Only the lines below from the one containing "하코네 온천 당일치기를" through the one containing "Here is our" belong in the answer, set down exactly, with the pictures left out.

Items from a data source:
§ §

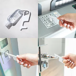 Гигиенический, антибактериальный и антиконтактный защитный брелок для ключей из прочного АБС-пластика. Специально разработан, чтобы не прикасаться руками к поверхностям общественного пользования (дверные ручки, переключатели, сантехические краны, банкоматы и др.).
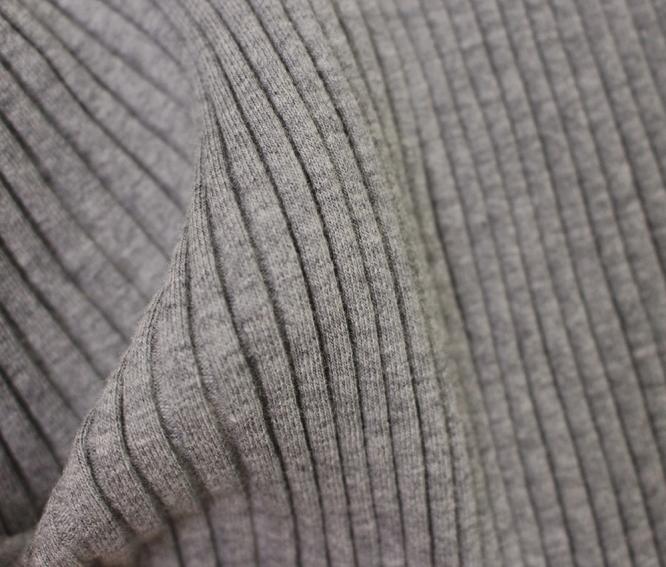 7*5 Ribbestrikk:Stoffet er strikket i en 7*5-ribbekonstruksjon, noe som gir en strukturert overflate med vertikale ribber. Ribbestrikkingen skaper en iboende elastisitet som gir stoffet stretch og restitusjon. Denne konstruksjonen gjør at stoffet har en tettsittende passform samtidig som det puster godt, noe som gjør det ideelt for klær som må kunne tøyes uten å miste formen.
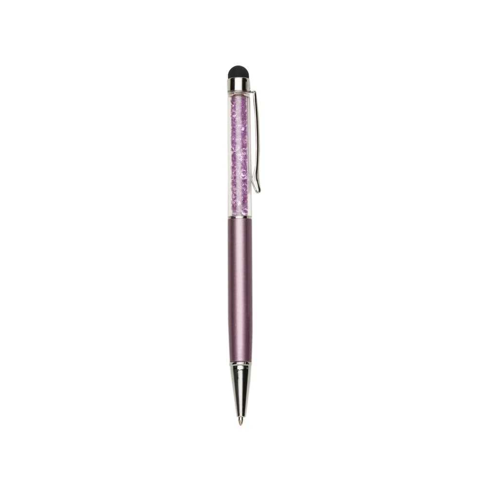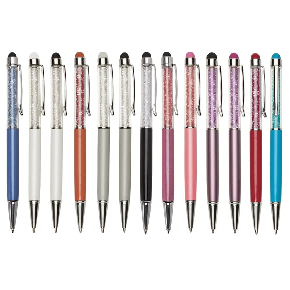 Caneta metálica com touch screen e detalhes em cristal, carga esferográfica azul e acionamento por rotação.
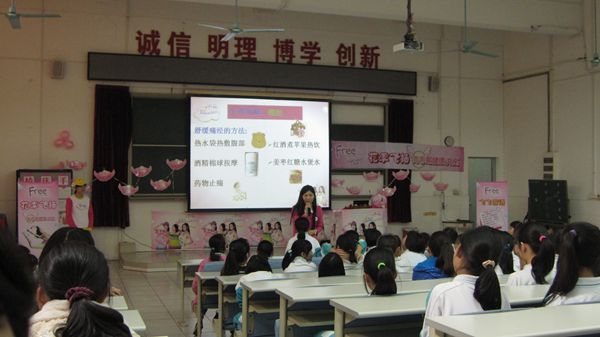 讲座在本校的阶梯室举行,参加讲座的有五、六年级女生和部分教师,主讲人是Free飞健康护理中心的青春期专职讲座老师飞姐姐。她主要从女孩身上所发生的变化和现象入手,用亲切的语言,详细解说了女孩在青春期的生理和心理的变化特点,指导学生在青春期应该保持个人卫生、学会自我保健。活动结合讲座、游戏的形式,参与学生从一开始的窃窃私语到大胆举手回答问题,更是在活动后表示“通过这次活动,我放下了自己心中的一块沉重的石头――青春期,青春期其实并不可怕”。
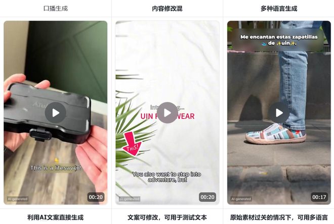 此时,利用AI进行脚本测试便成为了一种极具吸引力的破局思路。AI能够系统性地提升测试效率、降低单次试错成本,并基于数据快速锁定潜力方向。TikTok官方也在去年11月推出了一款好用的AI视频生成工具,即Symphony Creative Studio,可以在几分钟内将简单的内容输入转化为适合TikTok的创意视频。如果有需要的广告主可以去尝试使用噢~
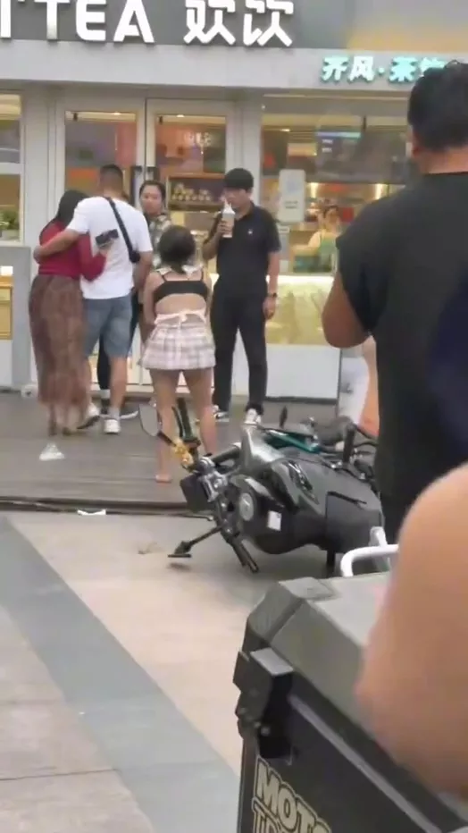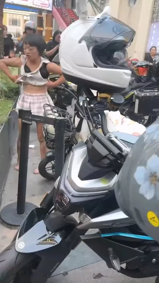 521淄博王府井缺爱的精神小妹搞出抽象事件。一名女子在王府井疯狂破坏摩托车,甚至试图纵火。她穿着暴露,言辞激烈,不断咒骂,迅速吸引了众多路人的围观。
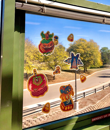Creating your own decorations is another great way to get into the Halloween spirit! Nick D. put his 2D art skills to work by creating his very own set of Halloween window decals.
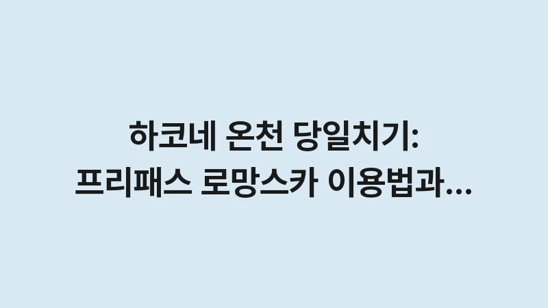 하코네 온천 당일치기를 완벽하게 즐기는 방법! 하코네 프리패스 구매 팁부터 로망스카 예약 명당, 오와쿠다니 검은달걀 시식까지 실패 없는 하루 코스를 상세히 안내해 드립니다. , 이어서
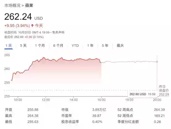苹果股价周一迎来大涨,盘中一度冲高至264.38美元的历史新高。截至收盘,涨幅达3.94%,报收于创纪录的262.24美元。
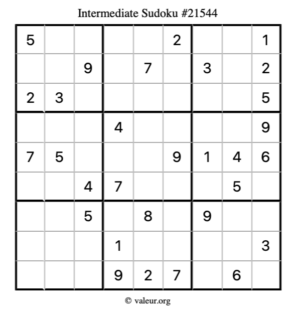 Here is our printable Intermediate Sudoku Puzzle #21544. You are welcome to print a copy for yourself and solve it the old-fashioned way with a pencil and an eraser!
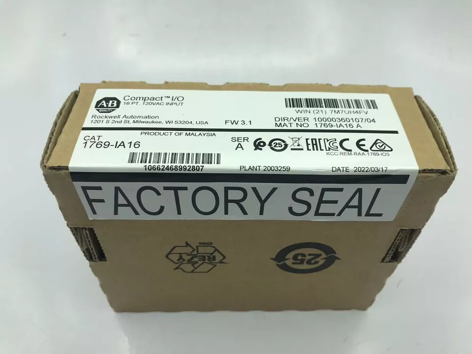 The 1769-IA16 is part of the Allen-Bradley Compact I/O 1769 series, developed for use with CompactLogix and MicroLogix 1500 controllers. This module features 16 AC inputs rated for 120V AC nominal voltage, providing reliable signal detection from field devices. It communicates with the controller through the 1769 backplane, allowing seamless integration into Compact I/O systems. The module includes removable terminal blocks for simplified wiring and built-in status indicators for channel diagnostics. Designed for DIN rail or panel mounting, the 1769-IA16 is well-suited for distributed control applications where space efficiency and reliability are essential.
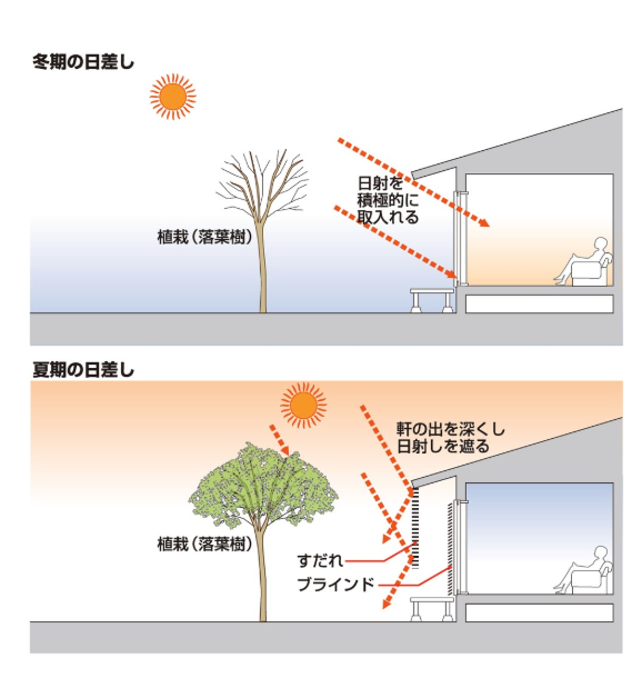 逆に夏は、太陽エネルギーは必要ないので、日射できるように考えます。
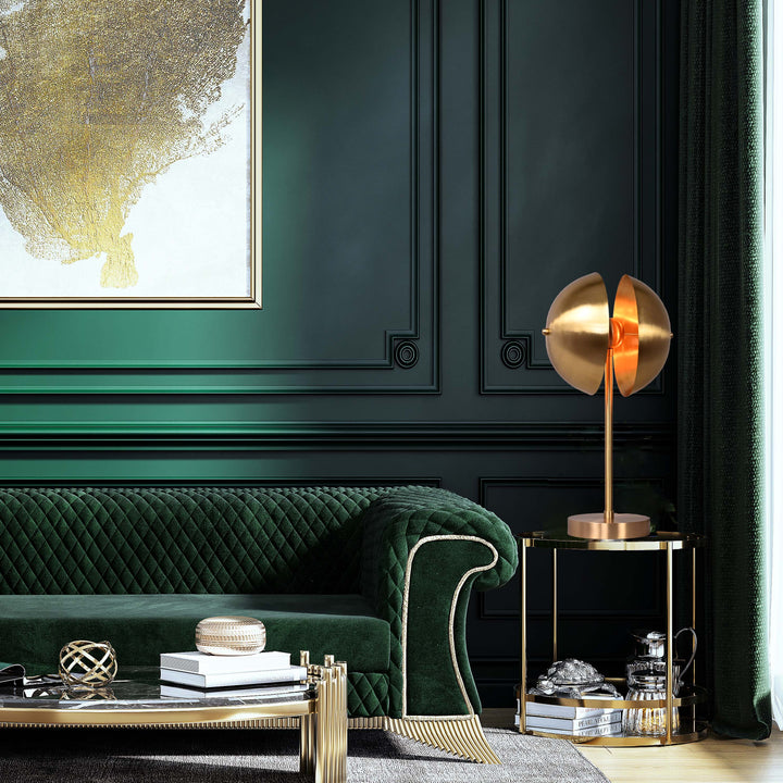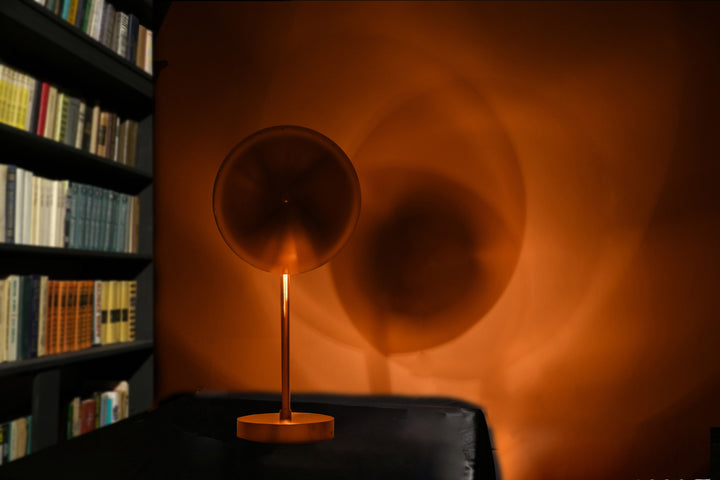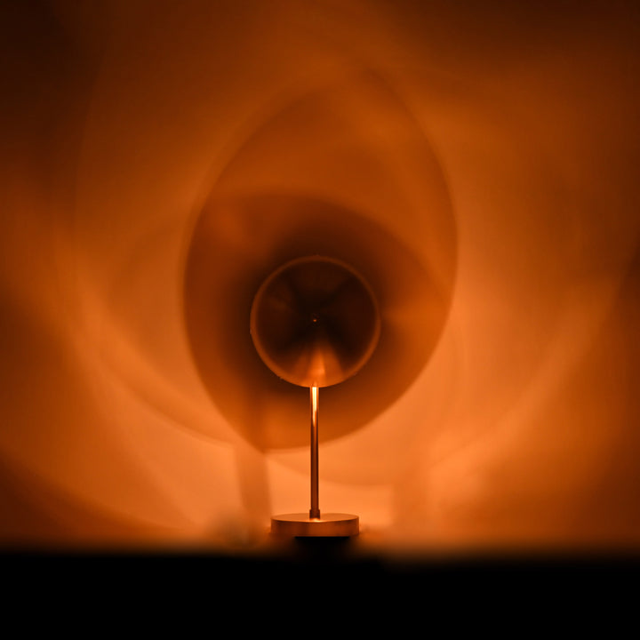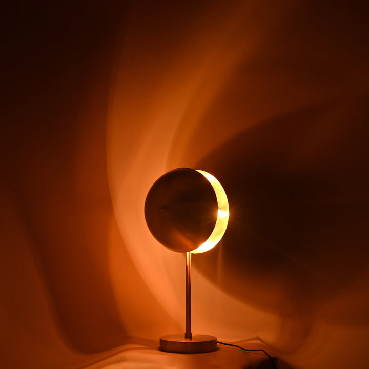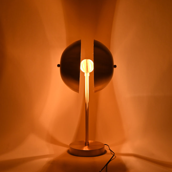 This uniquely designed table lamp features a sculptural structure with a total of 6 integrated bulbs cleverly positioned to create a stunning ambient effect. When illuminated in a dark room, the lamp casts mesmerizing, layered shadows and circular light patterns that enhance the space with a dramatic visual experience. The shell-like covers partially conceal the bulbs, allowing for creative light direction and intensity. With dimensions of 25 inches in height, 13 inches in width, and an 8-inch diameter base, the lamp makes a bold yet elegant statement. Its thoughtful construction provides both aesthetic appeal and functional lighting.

§ §

:: Task answer ::
 하코네 온천 당일치기를 완벽하게 즐기는 방법! 하코네 프리패스 구매 팁부터 로망스카 예약 명당, 오와쿠다니 검은달걀 시식까지 실패 없는 하루 코스를 상세히 안내해 드립니다. , 이어서
苹果股价周一迎来大涨,盘中一度冲高至264.38美元的历史新高。截至收盘,涨幅达3.94%,报收于创纪录的262.24美元。
 Here is our printable Intermediate Sudoku Puzzle #21544. You are welcome to print a copy for yourself and solve it the old-fashioned way with a pencil and an eraser!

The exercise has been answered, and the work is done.